Anthony Coulls (born 1974) a is a British museum curator and historian. He is the Senior Curator of Rail Transport and Technology at the National Railway Museum, the author of several books on railway and industrial history, and is active in the steam heritage movement.

== History ==
A graduate of firstly Aberystwyth University and then the Ironbridge Institute, Coulls began his museum career as a Collections Assistant at the National Railway Museum in 1997, moving to Leicestershire Museums in January 1999. Between 2001 and 2004, Coulls was the Curator of Energy at the Museum of Science and Industry in Manchester, moving in 2004 to become Collections Care Manager at Locomotion, The National Railway Museum at Shildon. In 2009 he was appointed the Senior Curator of Railway Vehicles at the National Railway Museum, and is now the Senior Curator of Rail Transport and Technology there, where he oversees the curation policy for the national collection of railway locomotives. He is an active railway preservationist, as Chairman of the Friends of Thorpe Light Railway, an advisor to the Sierra Leone National Railway Museum, and a mentor - and former trustee - of the Narrow Gauge Railway Museum Trust. He is an expert on the Lowca Engineering Works of Tulk and Ley and Fletcher, Jennings & Co.

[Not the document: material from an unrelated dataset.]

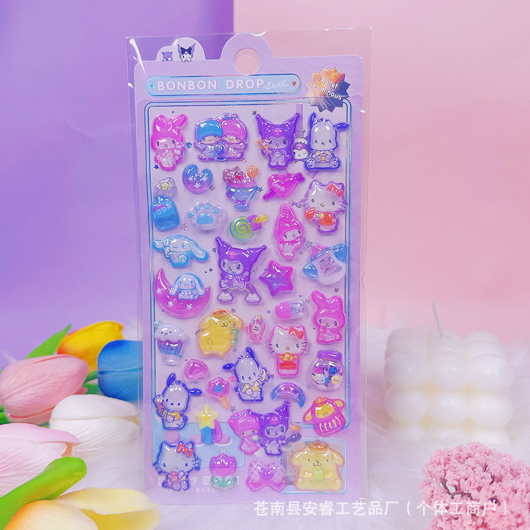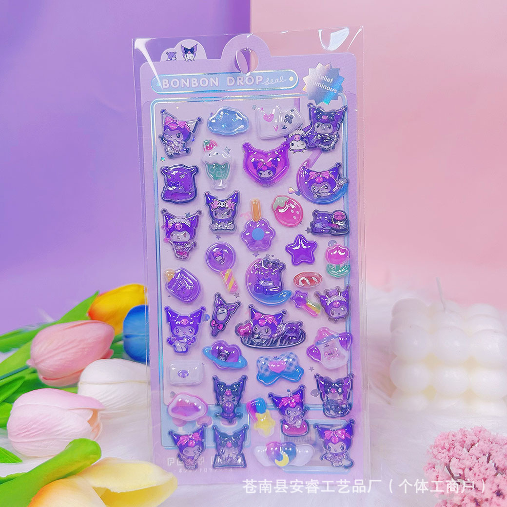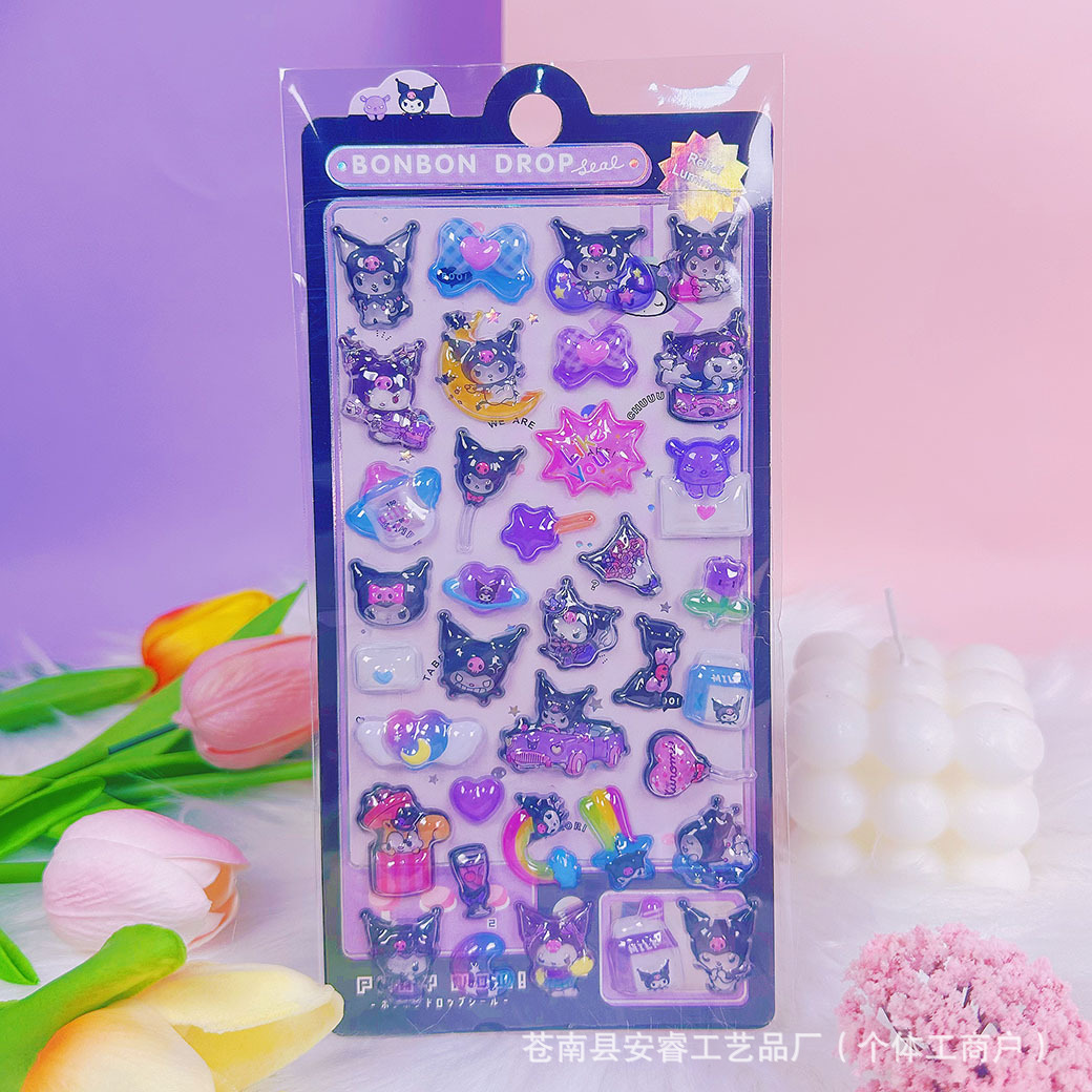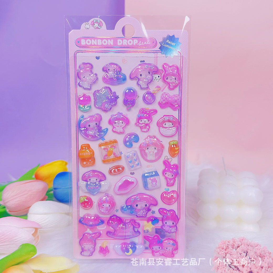 새로운 양각 만화 Sanrio Kulomi Merotti 3D 입체 양각 빛나는 스티커 어린이 귀여운 재미스토어 가기
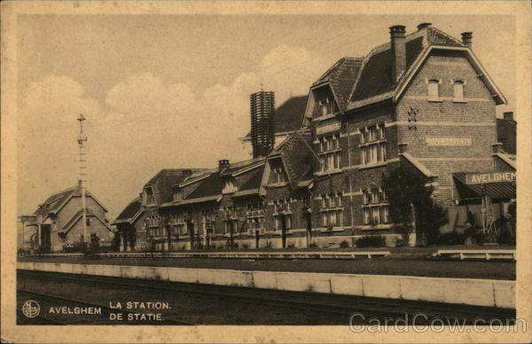 Front: AVELSHEM |||| HELS AVELGHEM LA STATION. DE STATIE. HAVE 101 AVELGHEM AVELGHEM Back: Oluguuste 28-5-14 PELGIQUE 10 Na BELGIE Or: Henri Briquet Chaussée de GrandL 382 Bruseciles. موسى

In 2003, Coulls took on loan a 15-ton road roller, built in 1894 by Aveling and Porter, from Beamish Museum, which he subsequently restored to working order. He is a past general secretary of the Road Rollers Association and from 2015 to 2019 was Chairman of the National Traction Engine Trust. In 2019, Coulls was the Lead Curator for the Award-Winning exhibition of model steam locomotives at the National Railway Museum "Brass, Steel and Fire" which then moved on to the Science Museum, London in 2020, running to August 2021.

== Works ==
- Coulls, Anthony (2018). "Narrow Gauge Locomotives"
- Coulls, Anthony (2018). "Road Rollers"
- Coulls, Anthony (2019). "Stationary Steam Engines"
- Coulls, Anthony (2019). "The Slate Industry"
- Coulls, Anthony (2017). "Traction Engines"
- Coulls, Anthony (2016). "The Lowca Legacy"
- Coulls, Anthony (2012). "Spirit of Locomotion: The National Railway Museum at Shildon"
- Coulls, Anthony (2016). "Sierra Leone Railway Adventure : The Remarkable Story of the Sierra Leone National Railway Museum"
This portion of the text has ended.